__Task goal__.
Leave the images out and write out each entry exactly as shown.

__Material provided__.
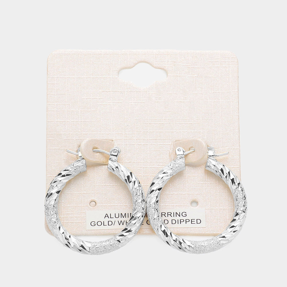 1.25" White Gold Dipped Textured Aluminum Pin Catch Hoop Earrings
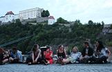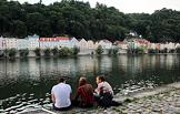 Жанровая фотография. Набережная Дуная. Молодые люди сидят на мостовой.
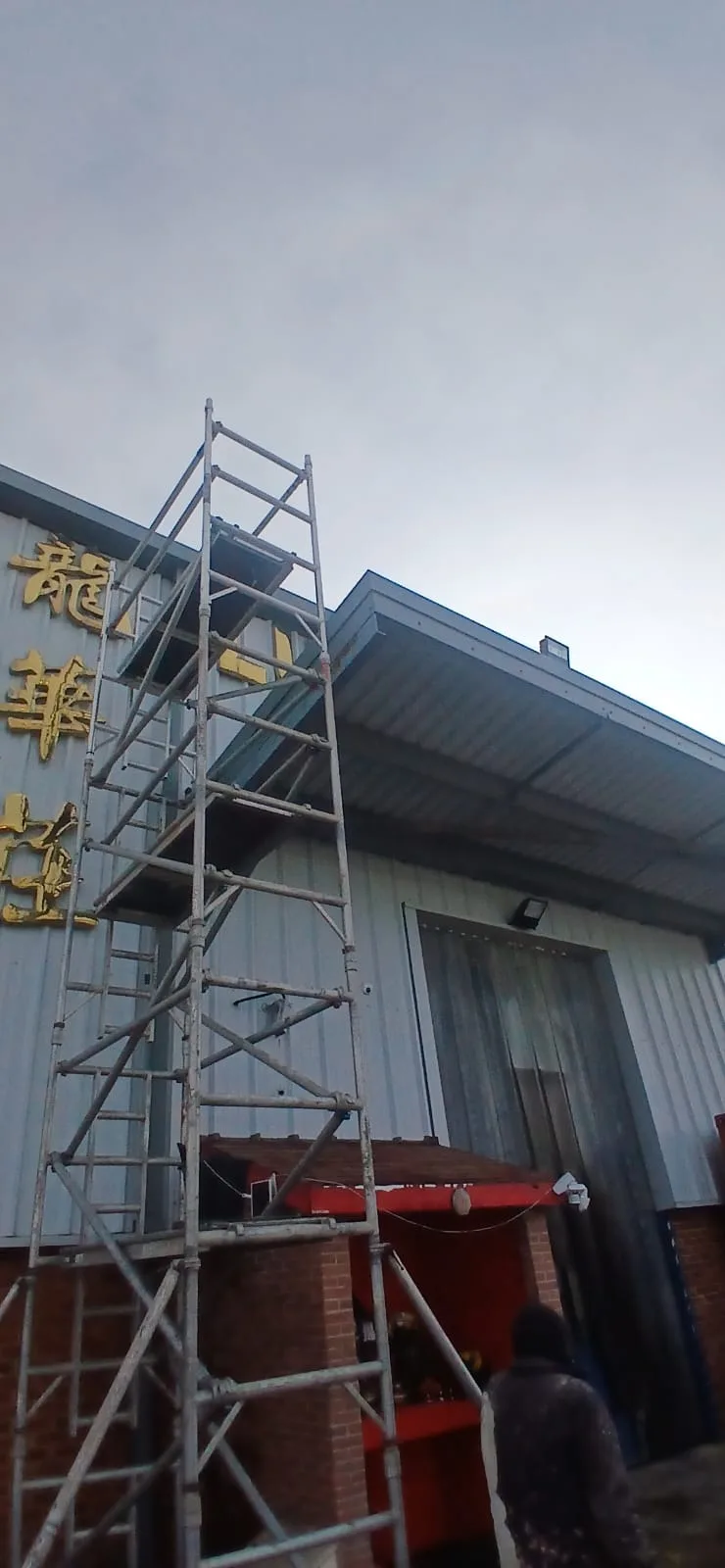 - Height access in a confined space: The building height required scaffold tower access rather than ground-level equipment. Working in an urban setting meant limited room for larger plant, and the scaffold setup needed to work within the available space around the building.
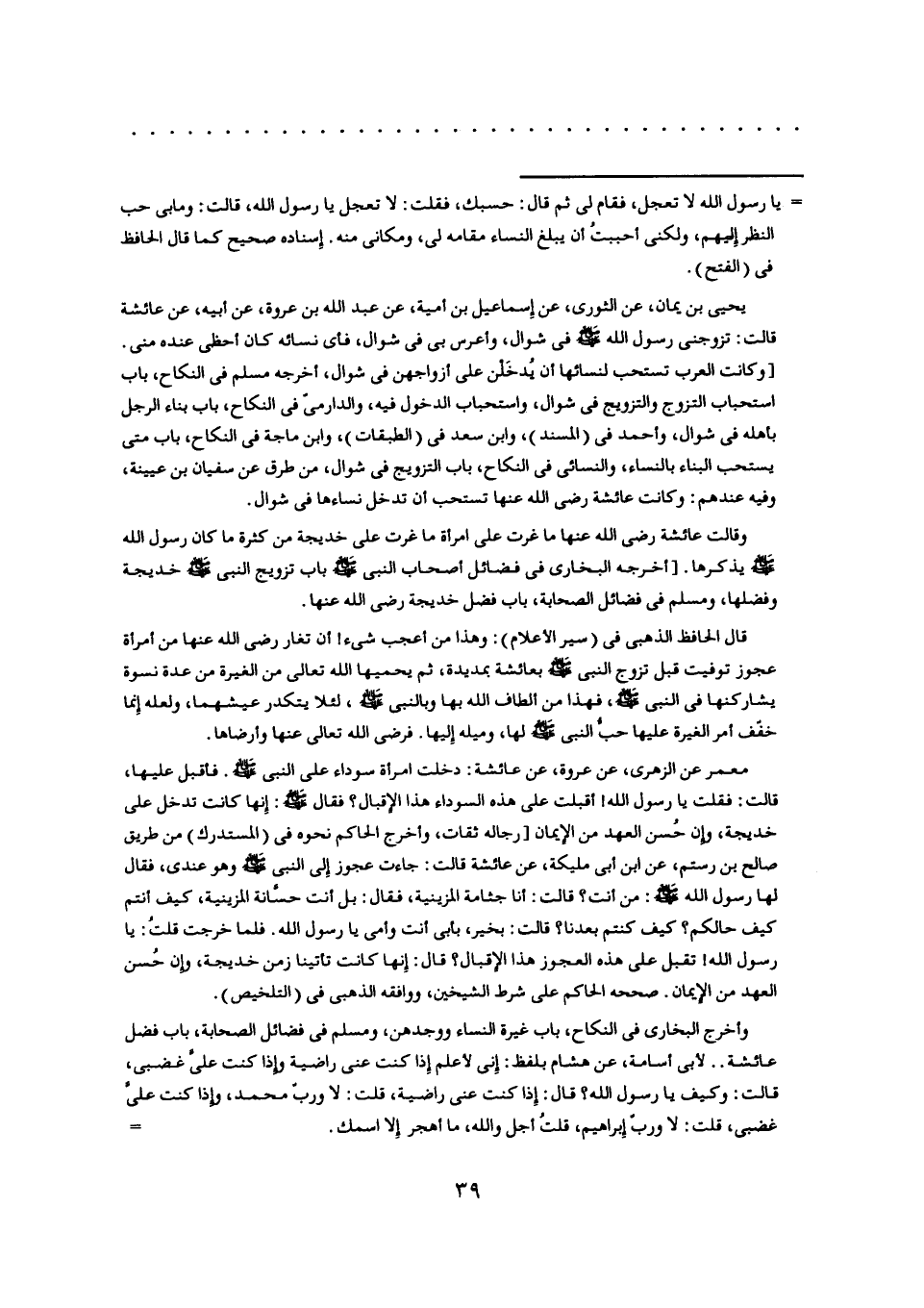 وقالت عائشة رضى اللَّه عنها ما غرت على امرأة ما غرت على خديجة من كثرة ما كان رسول اللَّه صلّى اللَّه عليه وسلم يذكرها. [أخرجه البخاري في فضائل أصحاب النبي صلّى اللَّه عليه وسلم باب تزويج النبي صلّى اللَّه عليه وسلم خديجة وفضلها، ومسلم في فضائل الصحابة، باب فضل خديجة رضى اللَّه عنها.
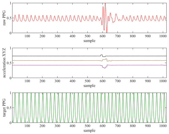 The Input layer decides the format of the input data to the neural network. Each captured signal: raw PPG, acceleration X, acceleration Y and acceleration Z, accompanied by the target PPG, was normalised and segmented into training sequences of length L, as shown in Figure 8.
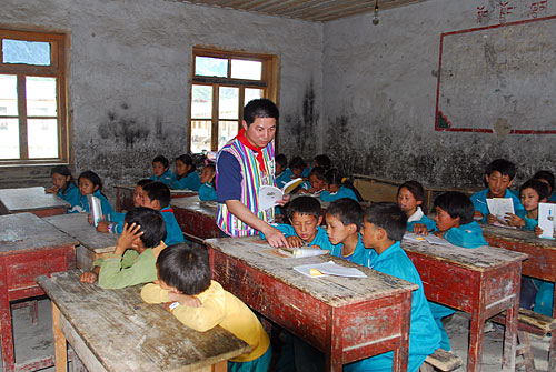 西藏自治区察隅县委书记彭聪恩徒步三天进入不通公路的察瓦龙乡调研,图为调研期间在察瓦龙小学给孩子们讲爱国主义教育课。
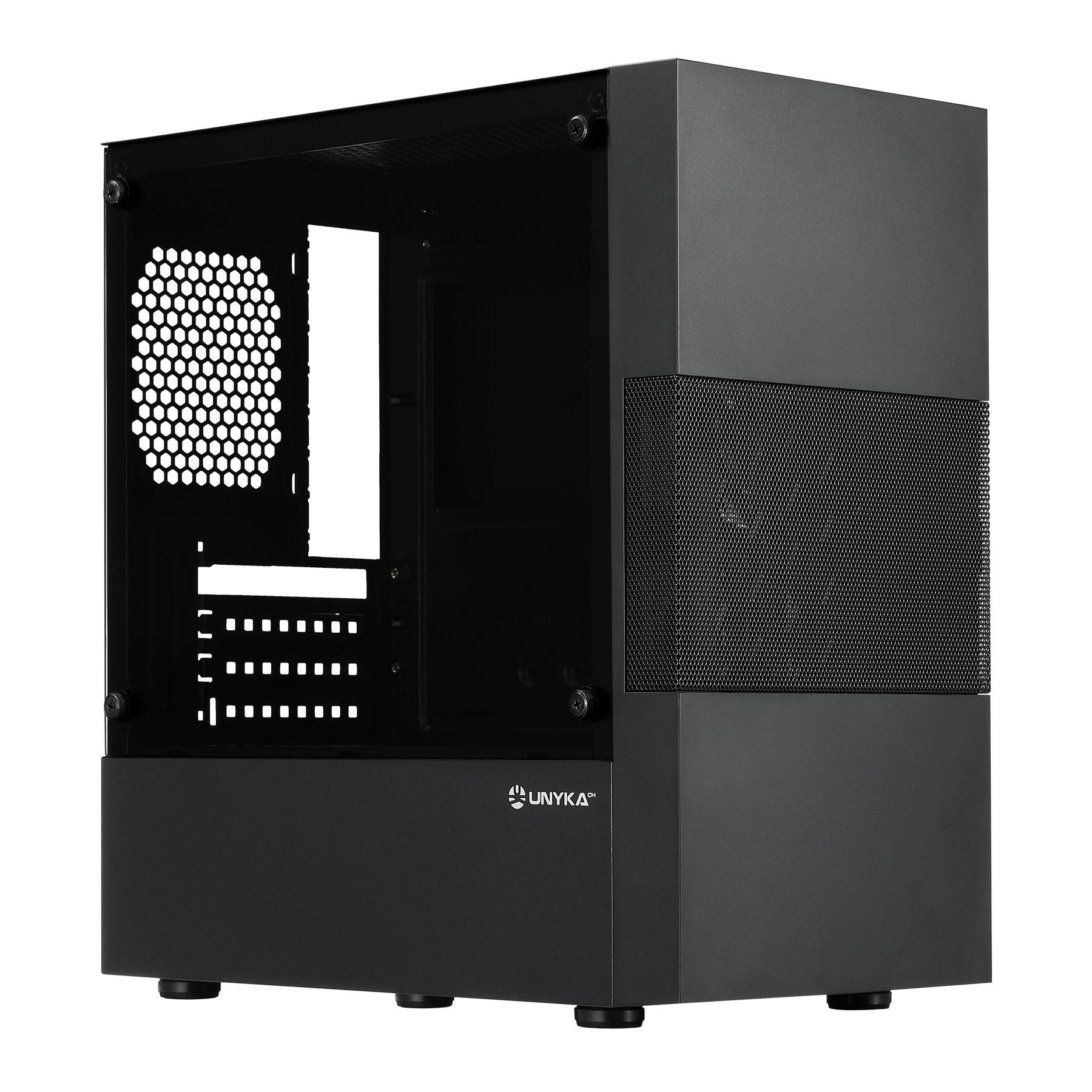 La UNYKA Aero C25 es una caja Micro-ATX tipo semitorre que combina un diseño compacto con un rendimiento sólido, ideal para entornos domésticos, educativos y profesionales. Incluye fuente de alimentación ATX de 500W, lo que permite iniciar tu sistema de inmediato, con una ubicación inferior estratégica que mejora la gestión de cables y flujo de aire.

__Result below__.
 1.25" White Gold Dipped Textured Aluminum Pin Catch Hoop Earrings
 Жанровая фотография. Набережная Дуная. Молодые люди сидят на мостовой.
 - Height access in a confined space: The building height required scaffold tower access rather than ground-level equipment. Working in an urban setting meant limited room for larger plant, and the scaffold setup needed to work within the available space around the building.
 وقالت عائشة رضى اللَّه عنها ما غرت على امرأة ما غرت على خديجة من كثرة ما كان رسول اللَّه صلّى اللَّه عليه وسلم يذكرها. [أخرجه البخاري في فضائل أصحاب النبي صلّى اللَّه عليه وسلم باب تزويج النبي صلّى اللَّه عليه وسلم خديجة وفضلها، ومسلم في فضائل الصحابة، باب فضل خديجة رضى اللَّه عنها.
 The Input layer decides the format of the input data to the neural network. Each captured signal: raw PPG, acceleration X, acceleration Y and acceleration Z, accompanied by the target PPG, was normalised and segmented into training sequences of length L, as shown in Figure 8.
 西藏自治区察隅县委书记彭聪恩徒步三天进入不通公路的察瓦龙乡调研,图为调研期间在察瓦龙小学给孩子们讲爱国主义教育课。
 La UNYKA Aero C25 es una caja Micro-ATX tipo semitorre que combina un diseño compacto con un rendimiento sólido, ideal para entornos domésticos, educativos y profesionales. Incluye fuente de alimentación ATX de 500W, lo que permite iniciar tu sistema de inmediato, con una ubicación inferior estratégica que mejora la gestión de cables y flujo de aire.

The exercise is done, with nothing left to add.